Data yang berhasil diinput oleh operator baru 1.673 dari 2.670 TPS di Makassar atau 62,66 persen.

Dari data itu, tampak kotak kosong unggul sementara dalam penghitungan langsung atau real count KPU di Pilwalkot Makassar tahun 2018.Kolom kosong unggul dengan perolehan 184.931 suara (53,18%). Sementara pasangan calon tunggal, Munafri Arifuddin-Andi Rachmatika Dewi sebanyak 162.826 suara (46,82%).

Anggota KPU Makassar, Rahma Saiyed mengakui, khusus Makassar ada keterlambatan karena faktor cuaca dan sumber daya manusia.

“Kendalanya faktor alam dan sumber daya manusia. Teman KPPS banyak memasukkan C1-nya ke kotak suara karena kondisi cuaca kemarin hujan, dikhawatirkan kalau tidak memasukkan ke dalam kotak bisa basah atau rusak, untuk mengamankan saja,” katanya, Kamis 28 Juni.

Anggota KPU Makassar lainnya, Abdullah Manshur menambahkan, penginputan data C1 ke server juga mengalami masalah atau kendala jaringan (server down).

“Agak lambat dari TPS, sebenarnya sejak kemarin diupayakan selesai tetapi karena banyak dan harus antre sampai saat ini belum rampung semua, kita sementara menunggu beberapa TPS lagi,” katanya.

Meski begitu, KPU menjamin C1 tak bisa diubah. Abdullah Manshur mengatakan, kecil kemungkinan potensi kecurangan pada Pilkada 2018 ini. Pasalnya, semua masyarakat saat ini bisa mengakses semua informasi C1 yang ditampilkan KPU melalui website.

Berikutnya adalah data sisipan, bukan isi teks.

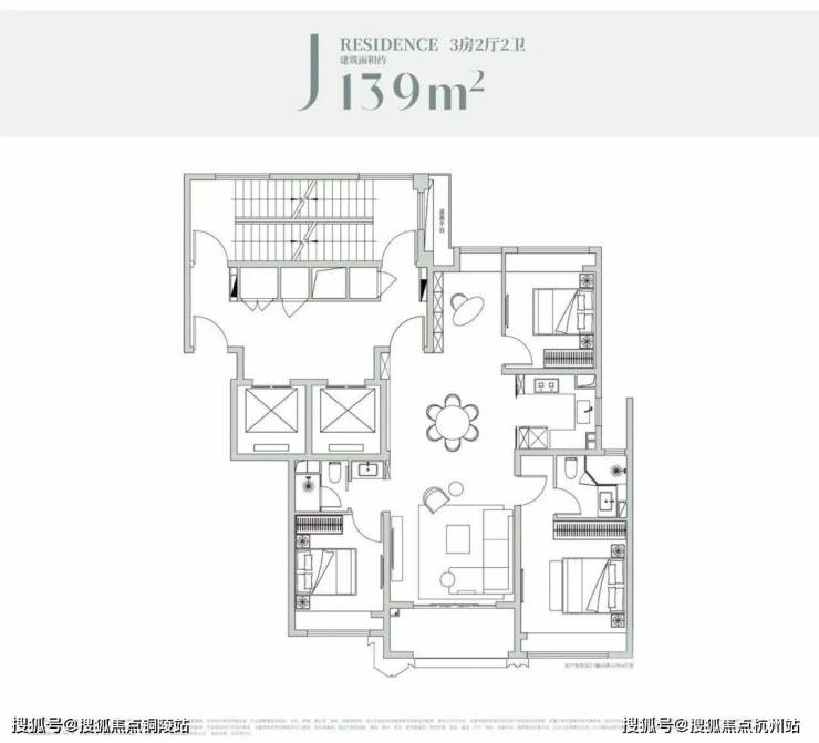 经典的四叶草布局,四开间分布在四角,兼顾私密与互动,是二胎家庭的优选。
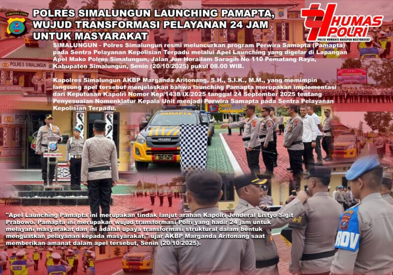 Liputanmetrosumut.com || Simalungun – Polres Simalungun resmi meluncurkan program Perwira Samapta (Pamapta) pada Sentra Pelayanan Kepolisian Terpadu melalui Apel Launching yang digelar di Lapangan Apel Mako Polres Simalungun, Jalan Jon Horailam Saragih No 110 Pematang Raya, Kabupaten Simalungun, Senin (20/10/2025) pukul 08.00 WIB.

Sore tadi, perolehan suara per-kecamatan sudah mulai masuk dengan persentase 60,71% suara masuk. Hanya saja, tiga kecamatan belum memasukkan hasil resminya, yakni Biringkanayya, Kepulauan Sangkarrang, dan Tamalanrea.

Untuk 12 kecamatan lainnya sudah masuk. Pasangan tunggal Munafri Arifuddin dan Rachmatika Dewi hanya memenangkan satu kecamatan, yakni Kecamatan Manggala dengan perolehan 57,6 % sedangkan Kolom Kosong (Koko) 42,4 %.

Sementara 11 kecamatan lainnya, kolom kosong mampu mengalahkan pasangan tunggal, yang bertagline “Aco” ini. Kekalahan telak Appi-Cicu terdapat di Kec Wajo Kota Makassar yang mencapai 62,8 persen, sedangkan Appi-Cicu 37,2 persen. 

Sekadar diketahui, hitung cepat KPU ini dibuat untuk memberikan pelayanan kepada masyarakat agar mengetahui hasil Pilkada Serentak 27 Juni 2018 secara cepat dan transparan di seluruh wilayah yang menyelenggarakan Pilkada.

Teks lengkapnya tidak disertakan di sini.